[Stored records]
......

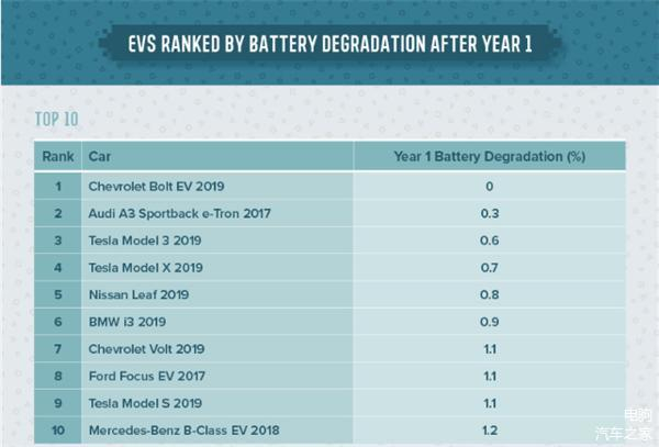榜单显示,车辆使用一年后,电池衰减最小的前三名车型分别是,2019款雪佛兰Bolt无衰减,2017款奥迪A3 e-tron衰减0.3%,2019款特斯拉Model 3衰减0.6%。
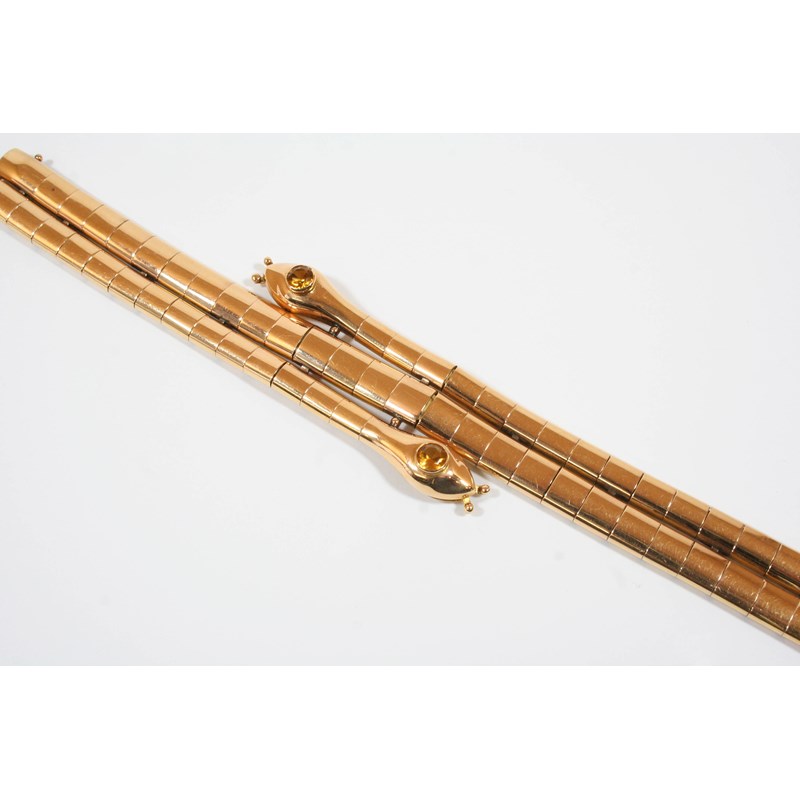 AN 18CT. GOLD ARTICULATED SNAKE BRACELET each head mounted with a circular-cut citrine, 20cm. long, 86 grams.
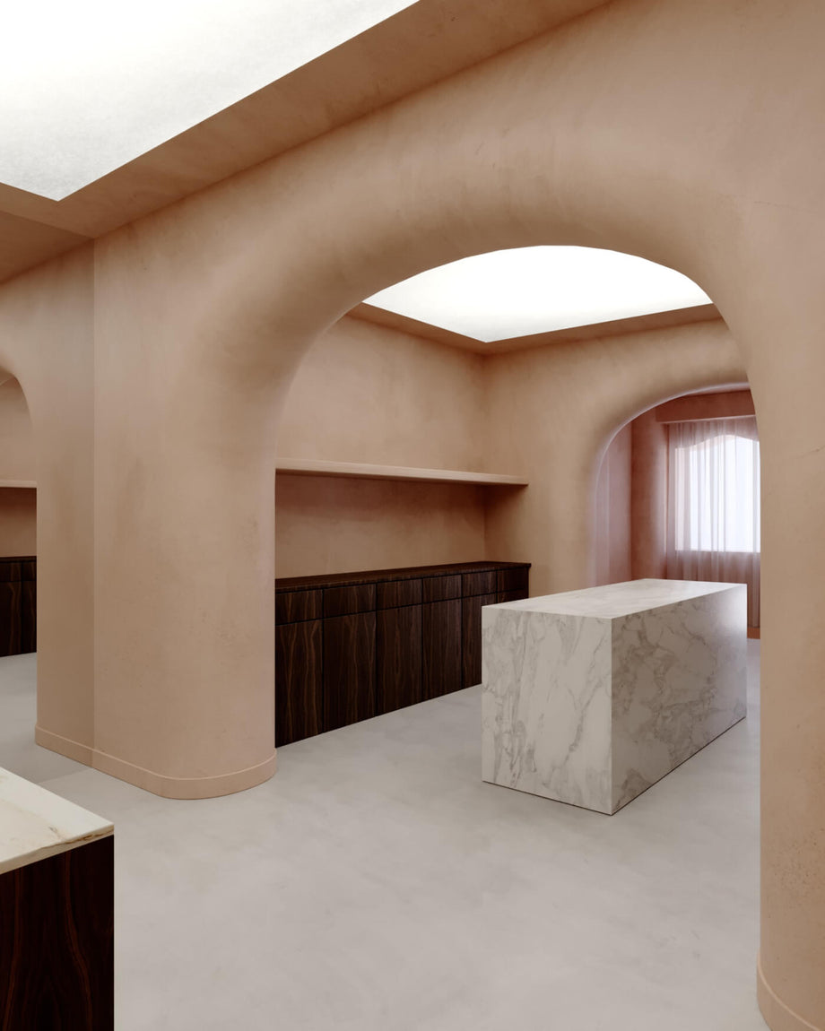 Conceived as a "contemporary palace" by multidisciplinary designer Benjamin Guedj, the interior reveals its organic forms crafted from mineral materials. They recall the infinite world of precious stones while echoing the poetry of Tityaravy's refined creations. The first Tityaravy boutique is an invitation to travel, through the designer's multiculturalism.
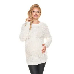Dlhý sveter so stojatým golierom. Pletený motív na prednej strane. Mäkké prešívanie.
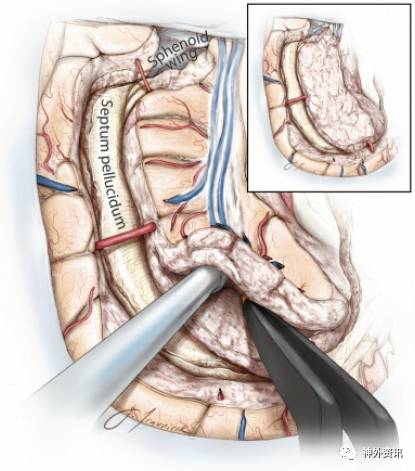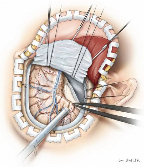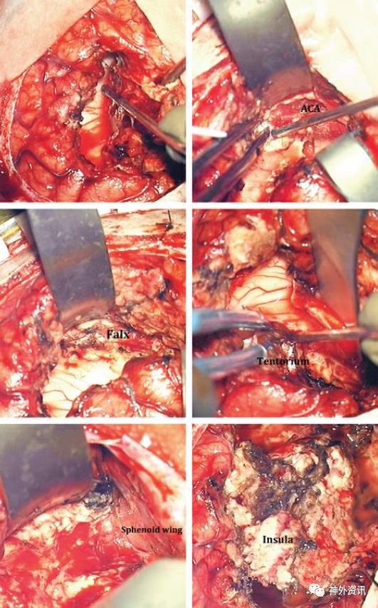 术中需要仔细保护大脑中动脉的大的皮层分支,保护远端皮层的功能,最大程度减低可能导致的梗塞。
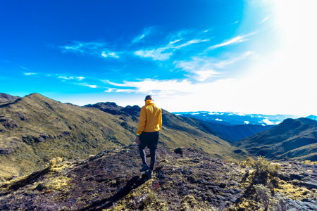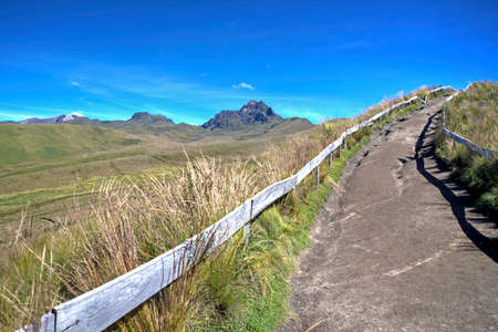 Beautiful scene of the Ecuadorian Andes, on a sunny day, with a walk trail on the side
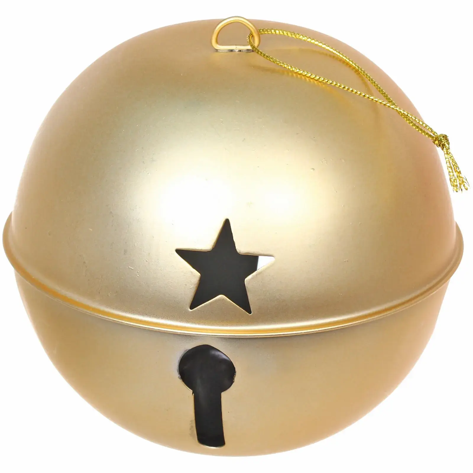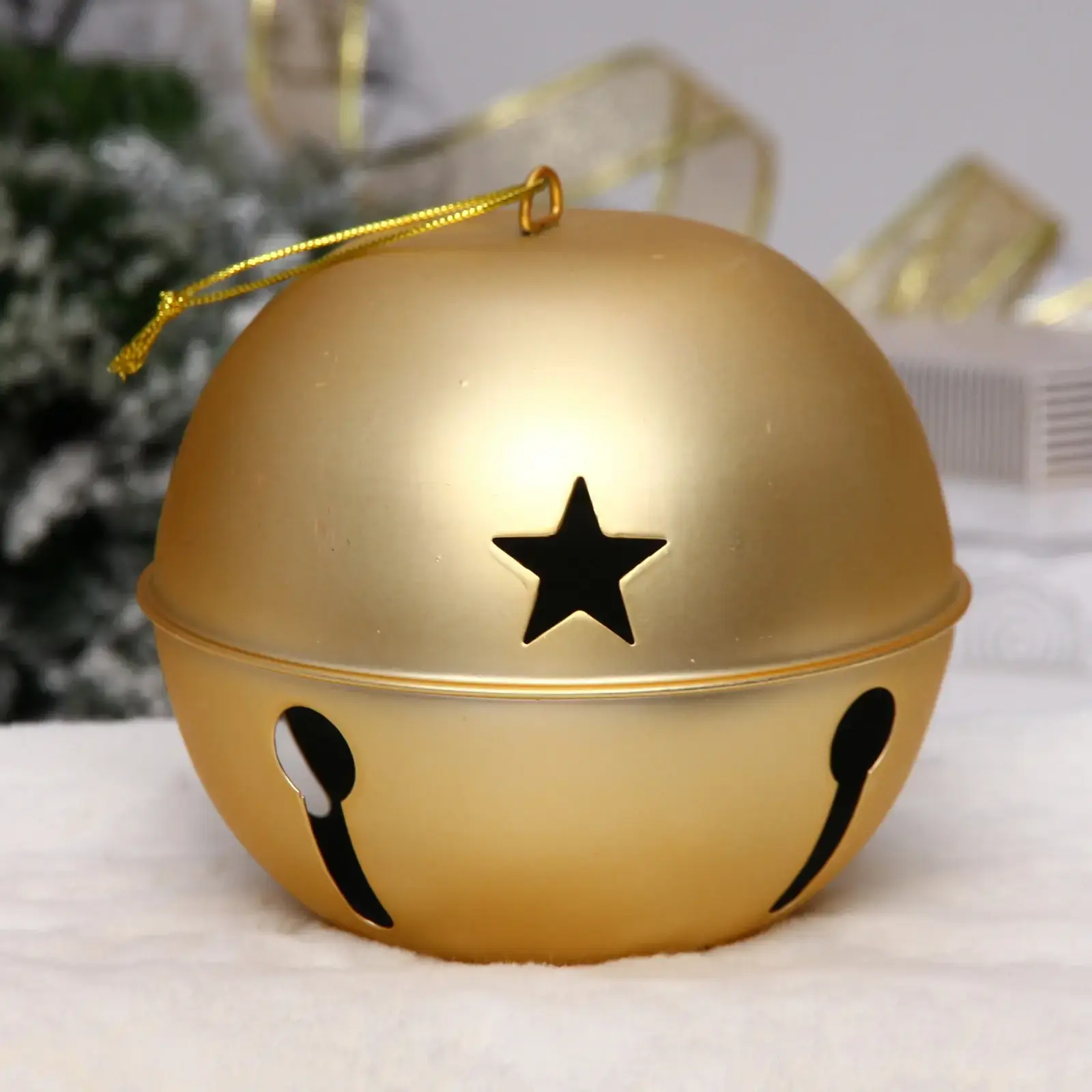 Новогодний шар "Бубенчик" 15см, золото, металл, с рисунком звезды

......

What to produce> Without including the pictures, reproduce all entries exactly.

Completed task>
榜单显示,车辆使用一年后,电池衰减最小的前三名车型分别是,2019款雪佛兰Bolt无衰减,2017款奥迪A3 e-tron衰减0.3%,2019款特斯拉Model 3衰减0.6%。
 AN 18CT. GOLD ARTICULATED SNAKE BRACELET each head mounted with a circular-cut citrine, 20cm. long, 86 grams.
 Conceived as a "contemporary palace" by multidisciplinary designer Benjamin Guedj, the interior reveals its organic forms crafted from mineral materials. They recall the infinite world of precious stones while echoing the poetry of Tityaravy's refined creations. The first Tityaravy boutique is an invitation to travel, through the designer's multiculturalism.
Dlhý sveter so stojatým golierom. Pletený motív na prednej strane. Mäkké prešívanie.
 术中需要仔细保护大脑中动脉的大的皮层分支,保护远端皮层的功能,最大程度减低可能导致的梗塞。
 Beautiful scene of the Ecuadorian Andes, on a sunny day, with a walk trail on the side
 Новогодний шар "Бубенчик" 15см, золото, металл, с рисунком звезды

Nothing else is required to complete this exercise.